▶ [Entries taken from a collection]
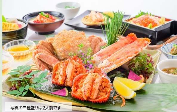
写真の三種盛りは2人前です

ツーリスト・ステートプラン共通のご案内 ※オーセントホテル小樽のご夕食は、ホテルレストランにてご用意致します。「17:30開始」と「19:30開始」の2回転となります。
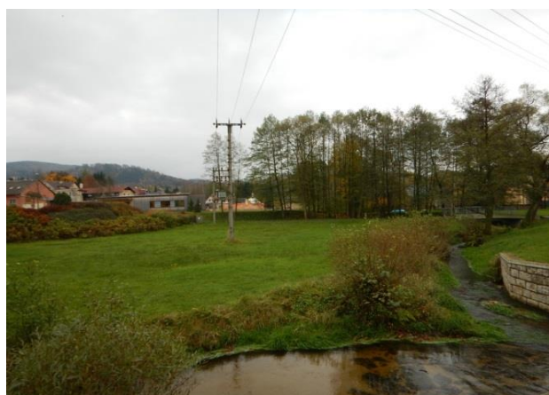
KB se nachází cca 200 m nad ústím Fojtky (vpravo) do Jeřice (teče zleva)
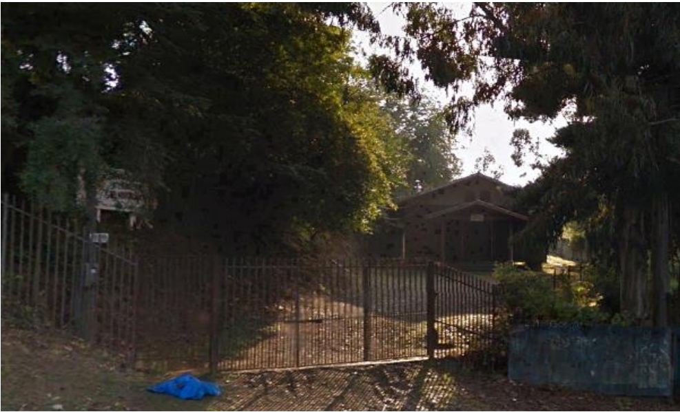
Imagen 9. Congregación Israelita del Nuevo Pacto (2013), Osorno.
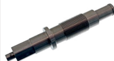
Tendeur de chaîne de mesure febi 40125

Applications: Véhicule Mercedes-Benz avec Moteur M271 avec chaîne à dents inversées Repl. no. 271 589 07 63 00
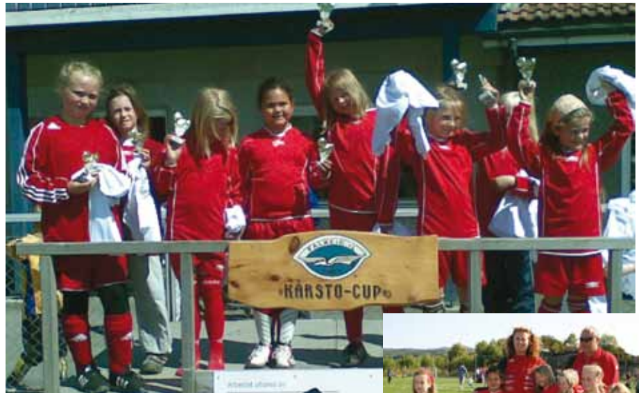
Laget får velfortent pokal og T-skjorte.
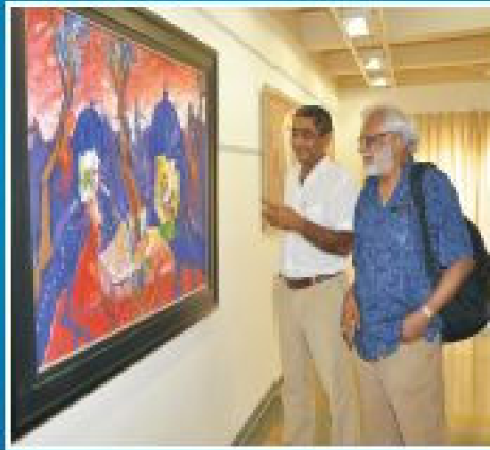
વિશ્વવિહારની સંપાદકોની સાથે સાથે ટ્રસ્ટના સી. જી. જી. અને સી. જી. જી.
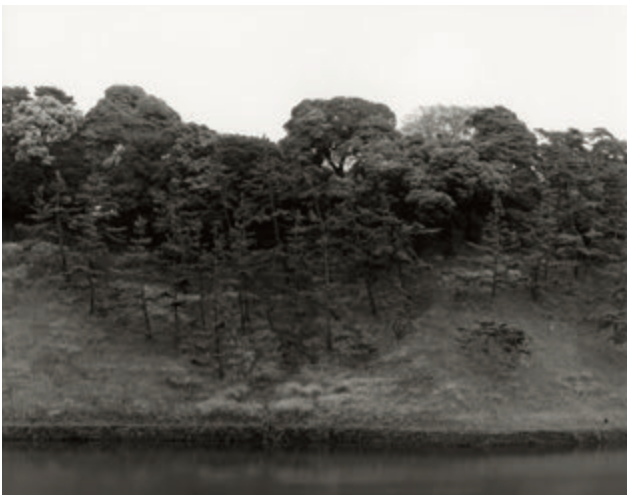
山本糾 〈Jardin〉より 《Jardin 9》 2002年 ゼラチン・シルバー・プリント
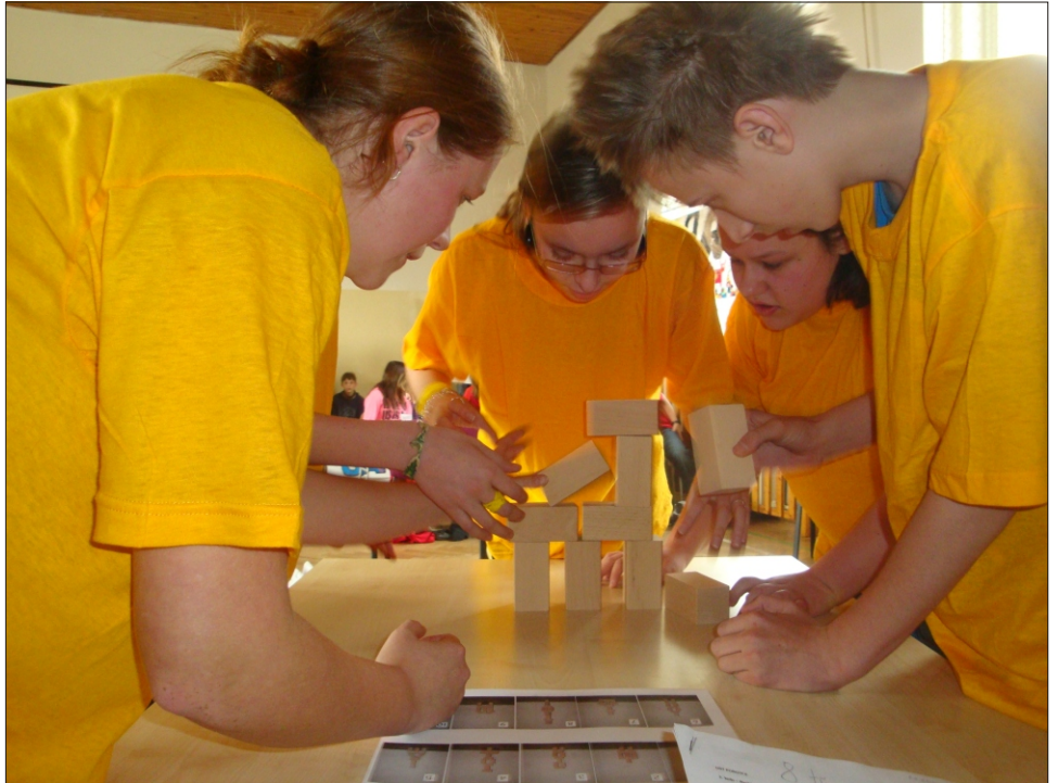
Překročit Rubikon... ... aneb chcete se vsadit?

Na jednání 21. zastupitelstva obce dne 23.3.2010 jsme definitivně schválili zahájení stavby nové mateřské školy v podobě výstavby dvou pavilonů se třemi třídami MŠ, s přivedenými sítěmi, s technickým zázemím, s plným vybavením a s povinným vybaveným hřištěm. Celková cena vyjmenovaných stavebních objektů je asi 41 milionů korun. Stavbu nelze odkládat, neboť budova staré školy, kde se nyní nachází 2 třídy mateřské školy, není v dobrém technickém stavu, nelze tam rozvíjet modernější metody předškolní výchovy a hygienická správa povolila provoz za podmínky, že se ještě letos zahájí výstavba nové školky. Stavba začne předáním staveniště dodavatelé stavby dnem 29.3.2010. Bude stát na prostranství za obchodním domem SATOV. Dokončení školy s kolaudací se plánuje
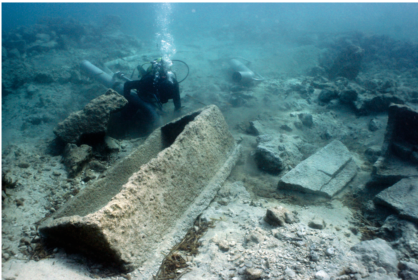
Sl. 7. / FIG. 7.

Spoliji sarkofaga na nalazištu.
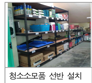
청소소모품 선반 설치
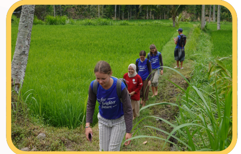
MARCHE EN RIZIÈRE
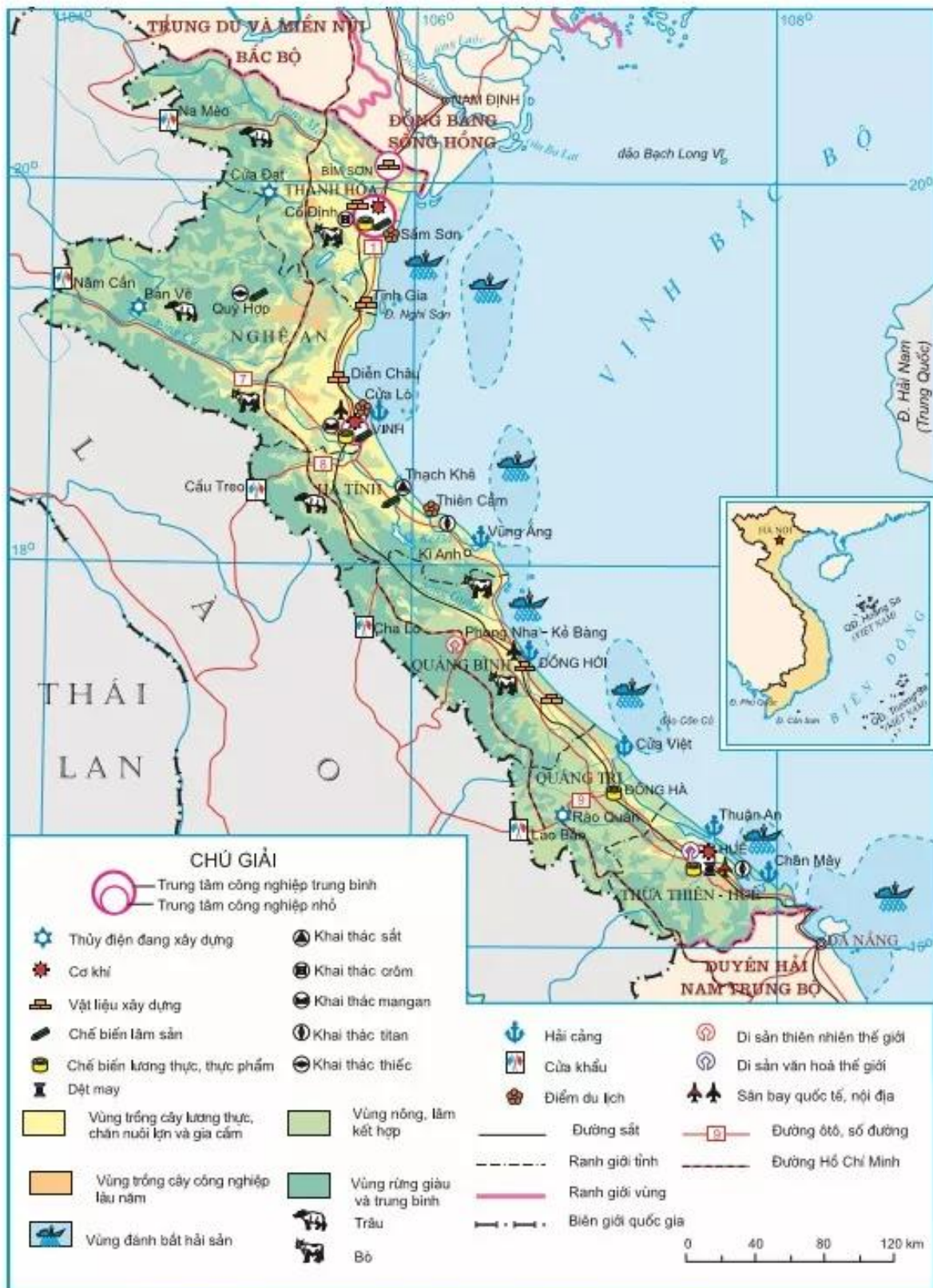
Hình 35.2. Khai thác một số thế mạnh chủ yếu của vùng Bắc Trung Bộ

▶ [Work task]
Pictures omitted, give the entries again exactly.

▶ [Expected output]
写真の三種盛りは2人前です

ツーリスト・ステートプラン共通のご案内 ※オーセントホテル小樽のご夕食は、ホテルレストランにてご用意致します。「17:30開始」と「19:30開始」の2回転となります。
KB se nachází cca 200 m nad ústím Fojtky (vpravo) do Jeřice (teče zleva)
Imagen 9. Congregación Israelita del Nuevo Pacto (2013), Osorno.
Tendeur de chaîne de mesure febi 40125

Applications: Véhicule Mercedes-Benz avec Moteur M271 avec chaîne à dents inversées Repl. no. 271 589 07 63 00
Laget får velfortent pokal og T-skjorte.
વિશ્વવિહારની સંપાદકોની સાથે સાથે ટ્રસ્ટના સી. જી. જી. અને સી. જી. જી.
山本糾 〈Jardin〉より 《Jardin 9》 2002年 ゼラチン・シルバー・プリント
Překročit Rubikon... ... aneb chcete se vsadit?

Na jednání 21. zastupitelstva obce dne 23.3.2010 jsme definitivně schválili zahájení stavby nové mateřské školy v podobě výstavby dvou pavilonů se třemi třídami MŠ, s přivedenými sítěmi, s technickým zázemím, s plným vybavením a s povinným vybaveným hřištěm. Celková cena vyjmenovaných stavebních objektů je asi 41 milionů korun. Stavbu nelze odkládat, neboť budova staré školy, kde se nyní nachází 2 třídy mateřské školy, není v dobrém technickém stavu, nelze tam rozvíjet modernější metody předškolní výchovy a hygienická správa povolila provoz za podmínky, že se ještě letos zahájí výstavba nové školky. Stavba začne předáním staveniště dodavatelé stavby dnem 29.3.2010. Bude stát na prostranství za obchodním domem SATOV. Dokončení školy s kolaudací se plánuje
Sl. 7. / FIG. 7.

Spoliji sarkofaga na nalazištu.
청소소모품 선반 설치
MARCHE EN RIZIÈRE
Hình 35.2. Khai thác một số thế mạnh chủ yếu của vùng Bắc Trung Bộ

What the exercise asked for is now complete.